US satellite radio service SiriusXM reported a 2% year-over-year drop in revenue in the first quarter of the year, due in part to the continued decline in Pandora’s monthly active users.
In the three months to end of March, Pandora’s user base shrank 8% from a year earlier, or by 3.9 million YoY, to 46.7 million MAUs from 50.6 million, according to SiriusXM’s first-quarter financial results published Thursday (April 27).
That 46.7 million figure for Q1 2023 was also down by 900,000 users vs. the prior quarter (Q4 2022: 47.6m, see below)
SiriusXM has been struggling to retain Pandora’s user base since its $3.5 billion all-stock acquisition of the streaming company in late 2018.
The struggle comes amid increasing competition in the music streaming space and changing consumer preferences. Pandora rivals Spotify, Apple Music and Amazon Music have continued to assert their dominance in the market with new features like personalized playlists, exclusive content and advanced music discovery algorithms.
Another reason for Pandora’s decline in subscribers is changing consumer preferences, with many listeners moving away from traditional radio-style services and are instead seeking out more personalized options.
In comparison to Pandora’s 46.7m MAUs, Spotify added an additional 5 million Premium subscribers to its user base in Q1, bringing its total global paying subscribers to 210 million.
SiriusXM Chief Executive Officer Jennifer Witz told analysts during the company’s Q1 earnings call that they added a Pandora Premium four-month trial offer in the past quarter, “making it even easier for trialers to transition into paying subscribers.”
Still, Pandora witnessed a continued drop in its self-pay subscribers by 2% (or by 106,000) to 6.2 million in Q1.
In contrast, SiriusXM’s self-pay subscribers for its live radio broadcast app added 26,000 users in the first quarter from a year earlier to 32 million.
The group’s revenue edged down 2% to USD $2.14 billion from $2.19b in the year-ago period, largely due to a 1.28% drop in subscriber revenue to $1.69b from $1.71b. SiriusXM also registered lower revenue in advertising and equipment sales.
In Q1, Pandora’s ad hours fell 4% YoY to 2.59 billion even as hours per active users climbed 4.5% to 21 hours per month.
“Here, you’re seeing the normal effects of seasonally light ad revenue in the first quarter, combined with recent ad headwinds plus the CPI inflator to web streaming royalties,” said Chief Financial Officer Tom Barry.
SiriusXM’s net income plunged 25% YoY to $233m from $309m on account of the falling revenue and the 3.3% jump in total expenses to $1.73b from $1.68b.
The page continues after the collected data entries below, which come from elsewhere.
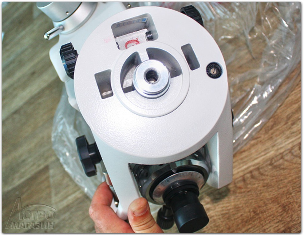 Для крепления головы монтировки к опорной площадке используется хорошо знакомый владельцам монтировок HEQ5 и EQ6 Pro специальный винт. Он снизу вкручивается в опорную площадку, а затем в голову монтировки. Резьба в опорной площадке нужна исключительно для того, что бы винт не выпадал, когда он не фиксирует голову. По своему опыту могу сказать, что литая резьба на опорной площадке со временем разрушается. Вполне вероятно, что так случится и в данном случае. Ведь здесь производитель не внес каких-то существенных корректив. Впрочем, отсутствие данной резьбы не усложняет использование монтировки.
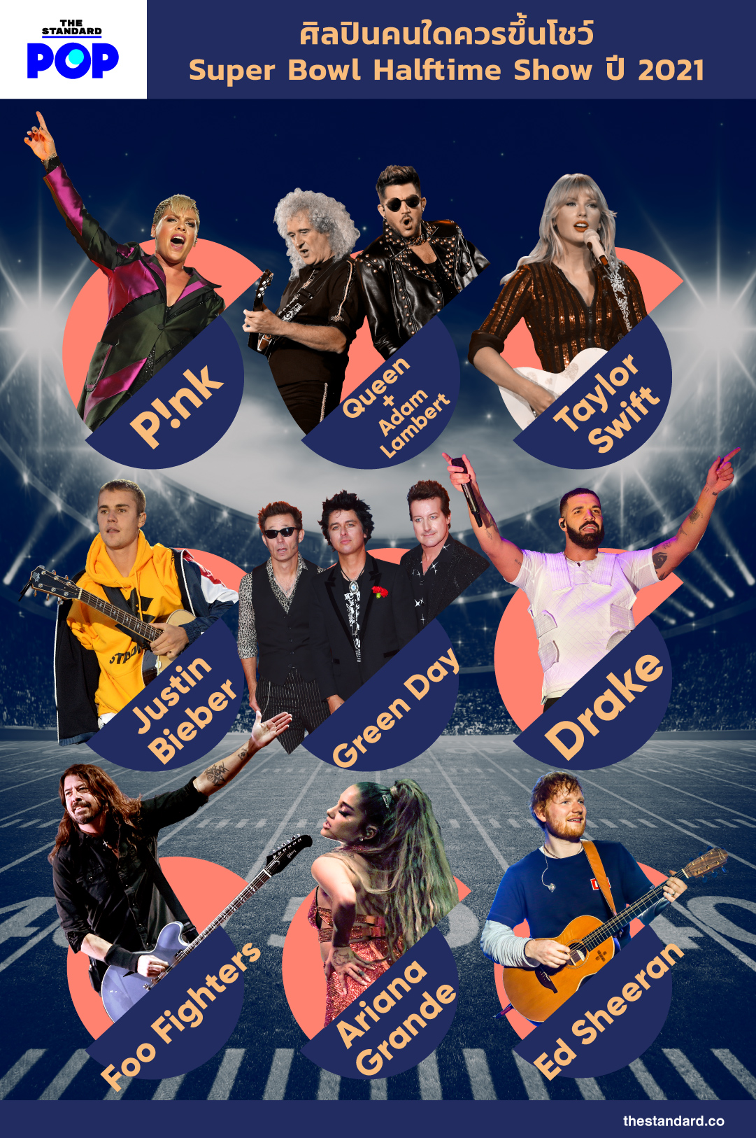 เชื่อว่าหลายคนยังคงดูโชว์ Super Bowl Halftime Show ปีนี้ของ ชากีรา และ เจนนิเฟอร์ โลเปซ วนไปหลายๆ รอบ แต่ THE STANDARD POP ขอคิดการณ์ไกลไปอีก 12 เดือนข้างหน้า สำหรับงาน Super Bowl LV ครั้งที่ 55 ซึ่งจะจัดเช้าวันที่ 8 กุมภาพันธ์ ที่เมืองแทมปา รัฐฟลอริดา พร้อมตัวเลือกศิลปินที่เราคิดว่าจะมีโอกาสขึ้นโชว์ในช่วงพักครึ่ง ส่วนถ้ามีศิลปินคนอื่นในใจที่ไม่อยู่ในภาพนี้ ก็คอมเมนต์กันได้เลย อ้อ ความจริงเราอยากใส่ชื่อ ริฮานนา ไว้ในในลิสต์ด้วยอีกคน เพราะเธอเคยโดนทาบทามให้ขึ้นโชว์มาแล้ว แต่ก็กลัวว่า เธอจะยังไม่ออกเพลงใหม่ภายในปีหน้าและดูเหมือน ริฮานนา จะยังยุ่งๆ กับการขายเครื่องสำอางของเธอแบบยาวๆ ในช่วงนี้
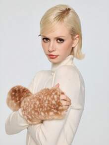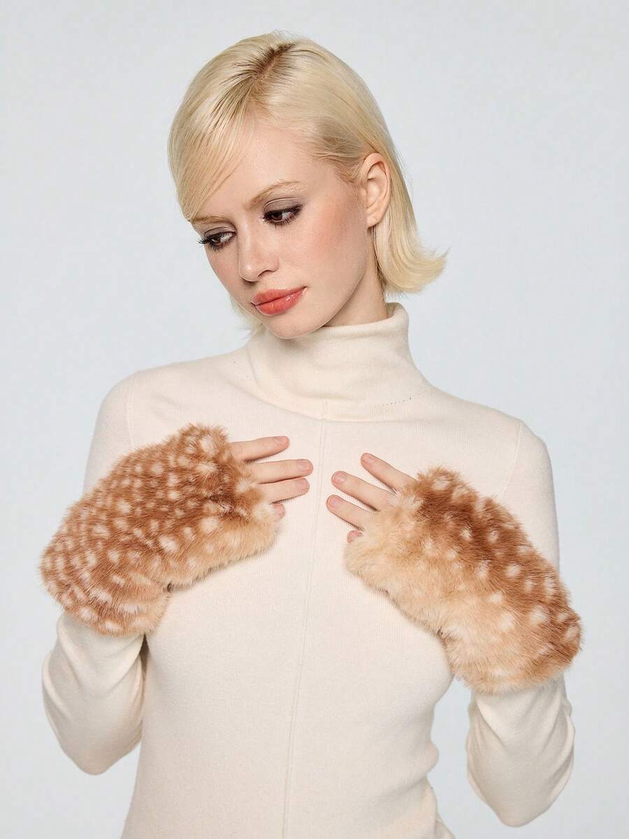 Fairycore 1 pezzo Guanti senza dita marroni, carini e dolci, con stampa animale a tessitura di cervo, di stile minimalista e caldi, adatti per scuola, shopping, appuntamenti, articolo alla moda e caldo per le donne
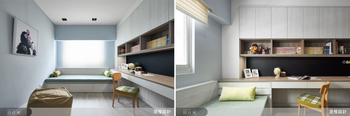 將牆面稍做更動,讓客廳、書房共用一道立面,前方為沙發牆展示櫃,後側則作為書房的書櫃,透過雙面櫃的設定,讓客廳、書房都獲得更寬敞的空間感。而目前的書房,未來也可能成為小孩房或客房,加入了抽屜式臥榻、磁鐵黑板牆面等機能,讓空間更可被多元利用。
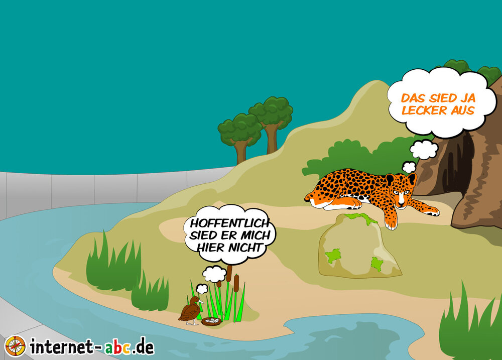 Die Ente hat sich verflogen, und ist im gehege vom Leopardt gelandet. Aber hoffentlich sied der Leopardt sie nicht und zum weg fliegen ist es nun auch zu spät. Dann würde der Leopardt sie sofoert sehen.
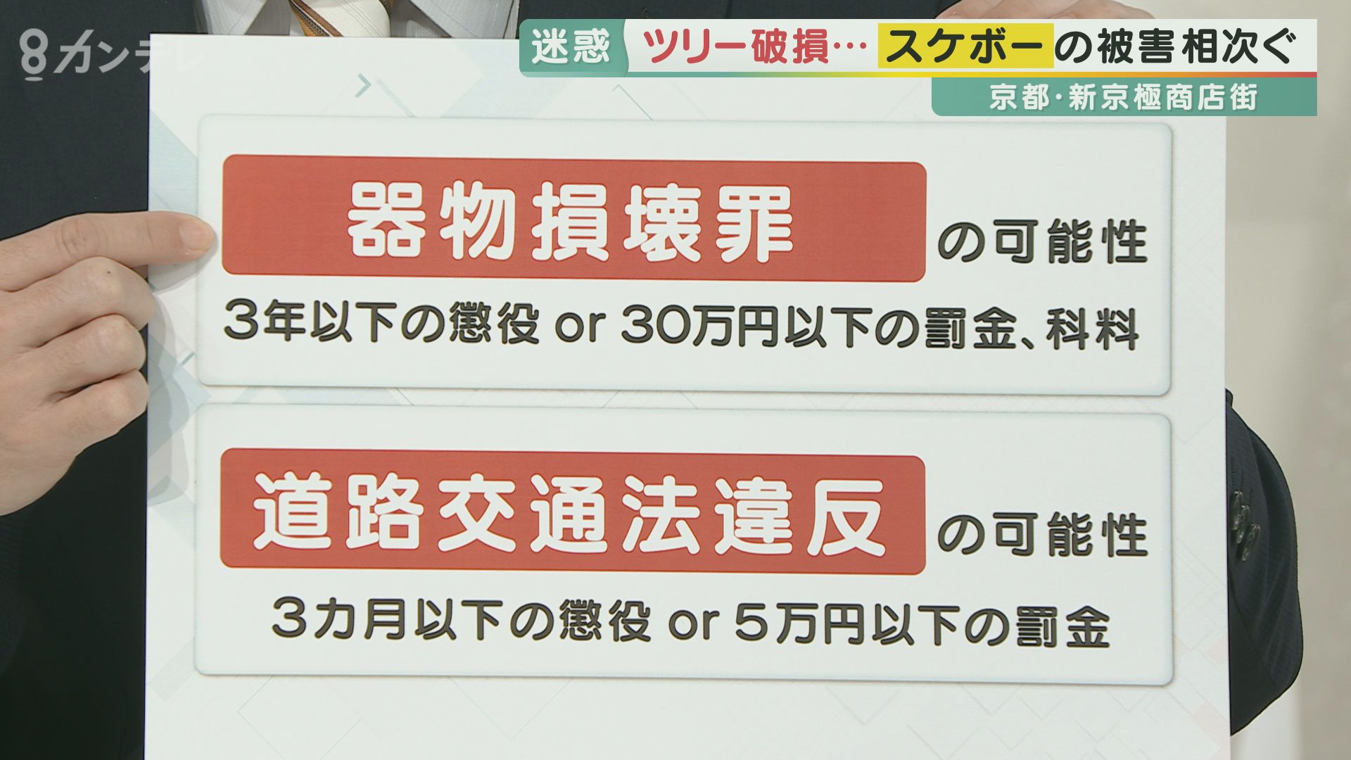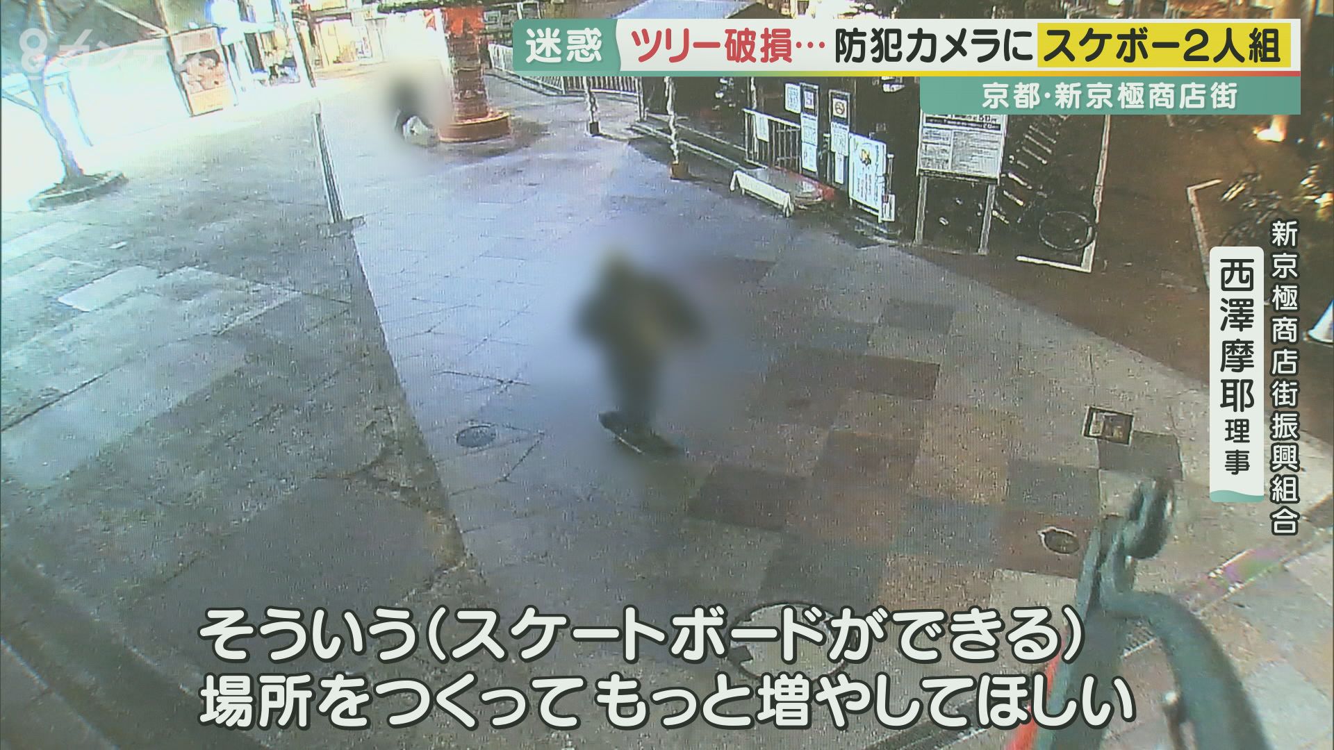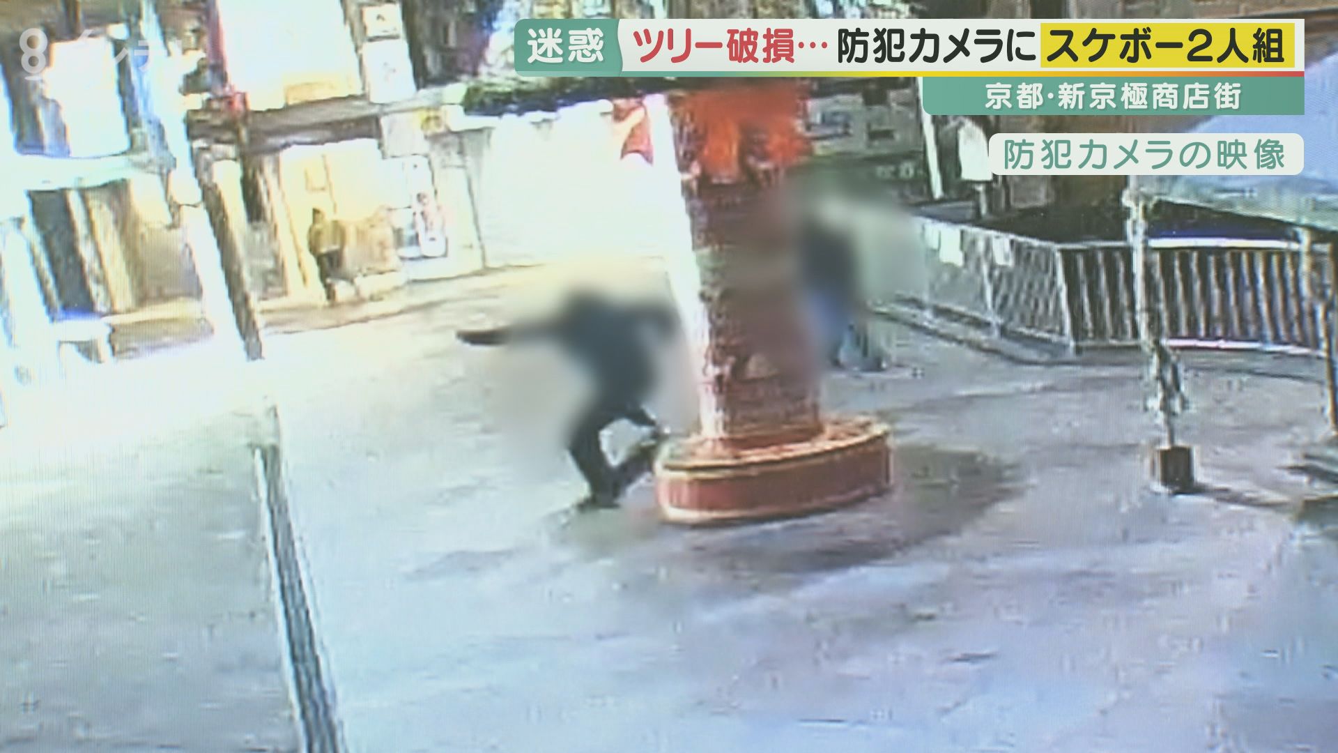 スケボー2人組が商店街のクリスマスツリーを破壊…防犯カメラに一部始終 修理には100万円が必要 商店街は被害届を出す構え マナー違反の若者が問われる罪は

Pandora’s revenue from subscribers fell 2.3% to $128m from $131m, while the platform’s ad revenue also slipped 1% to $334m from $336m.
SiriusXM’s Q1 result highlights the current state of the company’s financial health.
Back in March, the company said it was reducing its headcount by 8%, or by 475 roles, affecting “nearly every department.”
The layoffs follow the company’s assessment of “today’s uncertain economic environment,” said CEO Jennifer Witz at the time.
SiriusXM, like many other companies, has been impacted by the COVID-19 pandemic and other factors such as higher interest rates and fears of a looming recession.
In January, Spotify said it would also be trimming its global workforce by 6%.
Despite the lackluster earnings in Q1, Witz said Pandora’s results “were better than we expected, certainly based on where trends were heading in December or January.”
“We had a really solid quarter with ad revenue down just 2%. And I believe that’s because we were really well-positioned to capture late in-quarter demand that came in as advertisers started to open up their budgets because we have these programmatic solutions across music streaming and podcasting.”
Jennifer Witz, Pandora
“We had a really solid quarter with ad revenue down just 2%. And I believe that’s because we were really well-positioned to capture late in-quarter demand that came in as advertisers started to open up their budgets because we have these programmatic solutions across music streaming and podcasting,” Witz said during an earnings call.
Witz is also bullish on podcasting, with SiriusXM’s ad revenue up 34% YoY. The CEO attributed the growth to “the great content relationships we have on the representation side.”
“We’re really well-positioned on the podcasting side. Certainly, there’s still uncertainty in the second half, I think, but we are hopeful that the market will continue to recover and the great thing about our guidance is that even the cost reductions we put in place, we’re really well-positioned even if the market trends a little softer going forward,” Witz added.